Autumn is an intelligent document analysis and chat platform built with FastAPI and LlamaIndex. It enables users to organize documents into collections and partitions, automatically generate embeddings, and interact with document content through an AI-powered chat interface.
Autumn provides a backend API for managing document collections, embedding documents into vector databases, and querying them through natural language conversations. The system leverages multiple AI models and vector databases to create a sophisticated document retrieval and query engine.
- Document Management: Upload and manage files with support for multiple MIME types
- Collections & Partitions: Organize documents into hierarchical collections and partitions with customizable embeddings and configurations
- Vector Embeddings: Automatic document embedding using configurable embedding models (FastEmbed)
- Multi-Index Support: Create different types of indices for each document (Summary and Vector indices)

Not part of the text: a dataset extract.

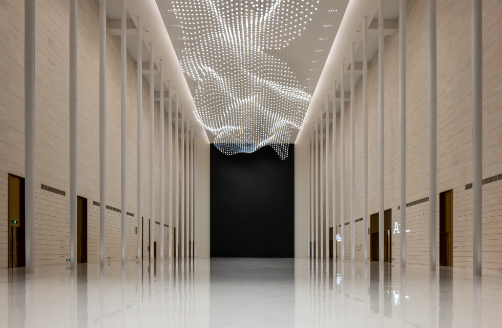 迎賓握手廳兩側(cè)立面高達(dá)26米,?VOLTA 系列筒燈均勻嵌入頂部天花板,規(guī)整的布局強(qiáng)化了空間秩序,高光效為整個空間營造明亮通透的氛圍。天花頂部特別選用 FALCON 軌道燈系列中不同光束角的洗墻燈與射燈,滿足了洗墻、泛光、窄光等多種照明需求,燈具沿天花連續(xù)排布,自然銜接無斷層,以光線串聯(lián)起空間中的每一處細(xì)節(jié)。

- AI-Powered Chat: Query documents through a conversational interface powered by multiple LLM providers
- Tool Generation: Automatically generate specialized tools for each document within a partition
- Cloud Storage Integration: S3 bucket integration for file storage with presigned URLs
- Health Monitoring: Comprehensive health check endpoints for all services
- Presigned URL Support: Secure file uploads and downloads via presigned S3 URLs
- FastAPI (>=0.116.0) - Modern async web framework
- Pydantic (>=2.11.7) - Data validation and settings management
- Uvicorn - ASGI application server
- LlamaIndex (>=0.12.47) - Document indexing and retrieval framework
- FastEmbed (>=0.7.1) - Fast embedding model inference with caching
- Transformers (>=4.53.2) - Hugging Face transformers with PyTorch
- LLaMA-Index Integrations:
- OpenAI-like LLMs (OpenRouter, DeepInfra, Novita)
- OpenAI embeddings
- Qdrant vector store support
- PostgreSQL (asyncpg, psycopg2) - Primary relational database
- Qdrant - Vector database for similarity search
- Redis/Dragonfly - In-memory cache and session management
- S3/MinIO - Cloud object storage (aioboto3)
- SQLAlchemy (>=2.0.41) - ORM with async support
- Alembic - Database migrations
- Black - Code formatting
- isort - Import sorting
- Pyright - Static type checking (strict mode)
- Docker & Docker Compose - Containerization
- Nix - Reproducible builds
autumn/
├── src/
│ ├── main.py # FastAPI application entry point
│ ├── config.py # Configuration management (Pydantic)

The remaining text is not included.